We investigated the importance of hypoxia on lipid metabolism in macrophages. Our results show that hypoxia increases the formation of triglyceride-containing lipid droplets in the cell by increasing the expression of ADRP and the rate of triglyceride biosynthesis and by reducing the rate of ß-oxidation of fatty acids.
Materials and Methods
For detailed Material and Methods, please see the online supplement, available at http://atvb.ahajournals.org.
Results
Hypoxic Treatment of Human Macrophages Results in Increased Accumulation of Triglyceride-Containing Cytosolic Lipid Droplets
Exposure of human macrophages to a hypoxic environment (1% oxygen) for 24 hours resulted in a 3.9±2.8-fold (n=3; P <0.001) increase in the size of the pool of cytosolic lipid droplets (measured as the total area of Oil Red O-stained lipid droplets) ( Figure 1A and 1 B). This corresponded with an increase in the amount of cellular triglycerides from 0.334±0.057 µg/µg cell protein in control cells to 0.577±0.087 µg/µg cell protein in the cells exposed to hypoxia ( P <0.001; Figure 1 C). Neither the amount of cholesterol nor that of cholesterol ester was influenced by hypoxia ( Figure 1D and 1 E).
Figure 1. Hypoxia increases the accumulation of cytosolic lipid droplets and cellular triglycerides but not cellular cholesterol esters and unesterified cholesterol in human macrophages. A, Micrograph of Oil Red O-stained control macrophages and macrophages exposed to hypoxia (1% O 2 for 24 hours). B, Quantification of the pool of cytosolic lipid droplets (measured as total area of Oil Red O-stained lipid droplets per cell) in control macrophages and macrophages exposed to hypoxia. The results are mean±SD of all cells present in 20 randomly selected micrographs from 3 different donors. C through E, The effect of hypoxia on the cellular levels of triglycerides (C) cholesterol (D), and cholesterol esters (E). Results (µg/µg cellular protein) are mean±SD of an experiment based on macrophages from 3 donors (analyzed in triplicate).
Exposure to hypoxia for up to 72 hours did not have any effect on cell viability (measured by trypan blue exclusion) nor on caspase 3 activity (the principal effector caspase of apoptosis 13; supplemental Figure IA and IB, available online at http://atvb.ahajournals.org), arguing against the possibility that accumulation of lipid in the hypoxic macrophages is the result of phagocytosis of cells that had died during the hypoxia.
To address the possibility that the accumulation of triglycerides was caused by keeping the cells in culture, we investigated the effect of incubation with oxidized LDL (oxLDL). Treatment with oxLDL under normoxic conditions resulted in a 3.4±2.9-fold ( P <0.001) increase in the pool of cytosolic lipid droplets ( Figure 2A and 2 B), verifying the observations that such treatment can convert macrophages into foam cells. 14 This increase corresponded with an increase in the cellular content of cholesterol ester from 0.0081±0.0016 to 0.0484±0.0221 µg/µg cell protein ( P <0.001; Figure 2 C). There were no increases in the cellular levels of triglycerides ( Figure 2 D).

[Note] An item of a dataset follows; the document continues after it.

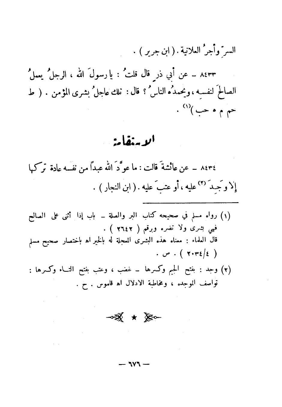 8433- عن أبي ذر قال قلت: يا رسول الله، الرجل يعمل الصالح لنفسه، ويحمده الناس؟ قال: تلك عاجل بشرى المؤمن. "ط حم هـ حب"1.

Figure 2. Incubation of human macrophages with oxidized LDL under normoxic conditions increases the size of the pool of cytosolic lipid droplets and the cellular content of cholesterol esters but not that of triglycerides. A and B, Incubation of macrophages with 50 µg/mL of oxLDL under normoxic conditions increases the cytosolic pool of lipid droplets when compared with control cells. A, Micrograph. B, Quantification of the pool of cytosolic lipid droplets (measured as total area of Oil Red O-stained lipid droplets per cell) in control macrophages and macrophages exposed to hypoxia. The results are mean±SD of all cells present in 20 randomly selected micrographs from 3 different donors. C and D, Effect of incubation with oxLDL on the cellular levels of cholesterol esters (C) and triglycerides (D) in macrophages cultured under normoxic conditions. Results (µg/µg cellular protein) are mean±SD of an experiment based on macrophages from 3 donors (analyzed in triplicate).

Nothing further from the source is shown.